The kid moaned, earning him another kick from Pedro.
“Stop.” The firmness of my voice surprised even me.
Pedro grinned, showing two rows of pristine, clean teeth. Corruption at least paid well enough for dental checkups. “Or you’ll do what, Thursday?” he asked.
Good question. If Pedro didn’t want to stop the beating, he didn’t have to. Despite people filming him, Pedro could kill the kid and know there would be little to no repercussions from higher ups. They had a number of ways they could spin a story like this so that Pedro came out clean. Their favorite as
of late was to have the newspapers publish editorials of how the Americans that came to Juarez for the cheap beers were to blame for the drug business that had recently swept up the entire state of Chihuahua. How without the Americans and their money there wouldn’t be as much of a demand for the drugs that the cartels passed through the border every day. And many Mexicans, especially the ones that served, cooked, or worked for Americans either here in Juarez or across the border Paso ate it all up.
So I briefly considered heading back inside the bar before I made things any worse, when I caught another glimpse of the phone cameras and got an idea.
“Walk away or I make sure that people see the video,” I leaned in and whispered to Pedro.
A good lie is all about presentation. The best ones work because they’re served in the most direct manner possible. The gambits and elaborate con games that you see in movies and televisions rarely work in real life, because people are too lazy to follow along and keep track of all the deceit. The best way to lie is straight to the person’s face, starting off with something so small and inconsequential that like a fish to bait, they can’t help but be hooked from the start.

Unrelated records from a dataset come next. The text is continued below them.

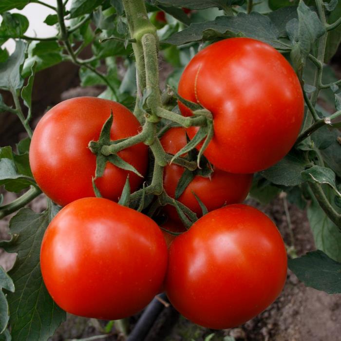 Среднеспелый (110-115 дней) гибрид для теплиц и пленочных укрытий. Растение индетерминантное, высокорослое, высотой 2-2,5 м, среднеоблиственное. В кисти формируется 5-6 плодов. Плоды округлые, крупные, плотные, незрелые – светло-зеленые, зрелые – ярко-красные, глянцевые, массой 250-350 г. Мякоть сочная, мясистая, красная. Плоды высокого качества, не растрескиваются, долго сохраняют товарный вид, что позволяет перевозить их на дальние расстояния и хранить в течение нескольких месяцев.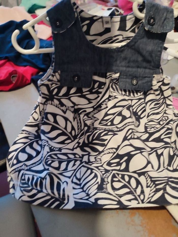 #kytie6moisfille. Ensemble robe débardeur taille 6 mois bleu et blanche se ferme par des boutons sur les épaules avec son Boléro manche longue souple bleu marine se ferme par un petit bouton devans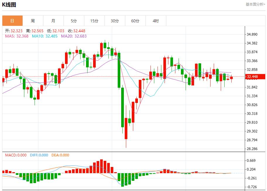 现货白银:截止北京时间20:20,现货白银上涨,现报32.452,涨幅0.37%。纽市盘前,(白银)价格在最近的日内交易中出现波动,在(RSI)上出现积极信号,对价格形成一些支撑,但价格在EMA50下方保持稳定,短期内处于小幅熊市。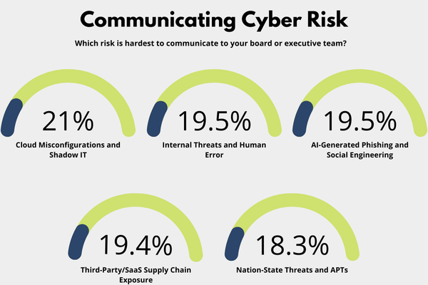 Leading the poll with 21.0%, cloud misconfigurations and shadow IT topped the list as the most challenging risks to communicate to executives.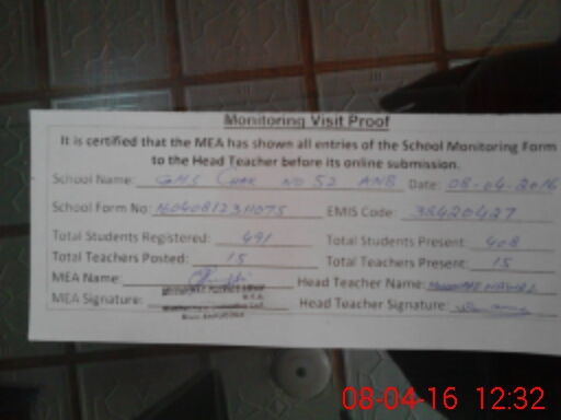 | EMIS Code: 38420427 | Name of School: GHS CHAK NO.52 ANB | |||

What the hell are you talking?”
“Walk away or people get to see you go into Gabriela’s apartment.” I crouched next to the kid and looked him over, noting that most of Pedro’s work had gone into the stomach and sides, which, if there was no internal bleeding, would be a good thing for the kid-easier to hide those types of bruises. I also knew that Pedro was looking down at me, so I added, “I’m sorry, does he go by Gabriel when he’s off duty?”
Juarez had its share of prostitutes, most of them congregating around el centro. They came out once the sun went down and the neon signs of the discotecas came on, flocks of them slowing down traffic and milling around sidewalks or venturing out to the streets, car horns drowning out the high heels pounding the pavements. And out of all the prostitutes, Gabriela was, if not the most well-known, certainly one that stood out just by sight alone. Easy to do when you were 6’2 and wore an extra four inches of heels. Then there was the fact that no amount of make up or eye catching wigs could hide her Adam’s apple.